Within the listing below, the lines to output run from the one containing "- От предната" through the one containing "牛乳 さつまいもご飯 かぼちゃのみそ汁 鶏のからあげ"; copy them exactly and nothing else.

SUPPLIED DATA:
◇ ◇ ◇
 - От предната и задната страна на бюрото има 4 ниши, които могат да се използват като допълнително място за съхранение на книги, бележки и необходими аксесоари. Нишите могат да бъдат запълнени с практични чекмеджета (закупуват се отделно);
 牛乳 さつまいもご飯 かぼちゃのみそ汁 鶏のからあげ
◇ ◇ ◇
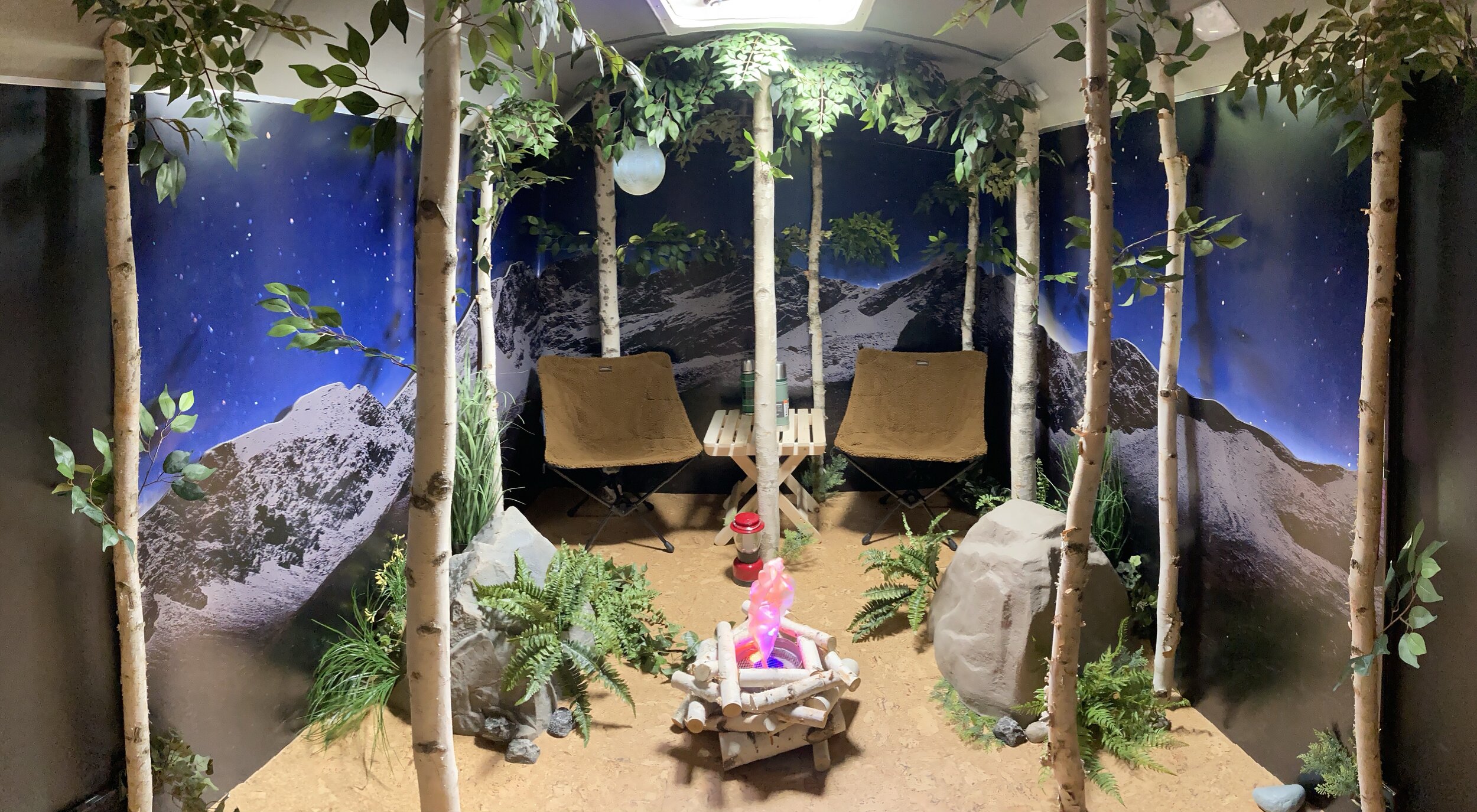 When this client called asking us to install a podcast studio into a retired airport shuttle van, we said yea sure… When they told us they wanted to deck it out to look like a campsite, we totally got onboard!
◇ ◇ ◇
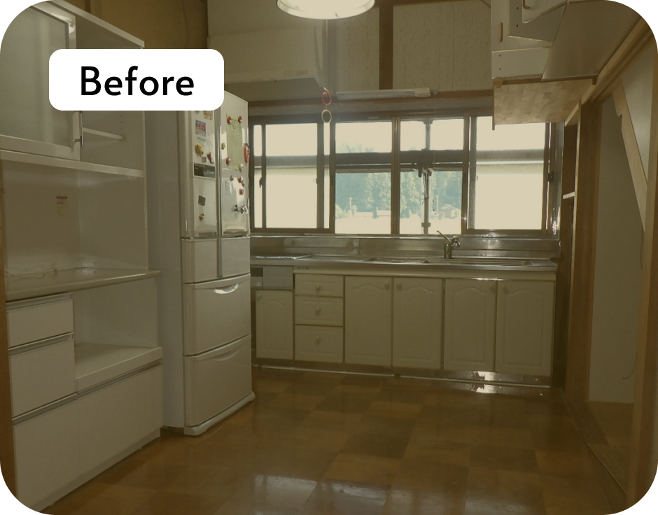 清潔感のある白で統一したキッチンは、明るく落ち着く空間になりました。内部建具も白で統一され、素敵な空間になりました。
◇ ◇ ◇
SOLUTION FOR THIS PROBLEM:
 - От предната и задната страна на бюрото има 4 ниши, които могат да се използват като допълнително място за съхранение на книги, бележки и необходими аксесоари. Нишите могат да бъдат запълнени с практични чекмеджета (закупуват се отделно);
 牛乳 さつまいもご飯 かぼちゃのみそ汁 鶏のからあげ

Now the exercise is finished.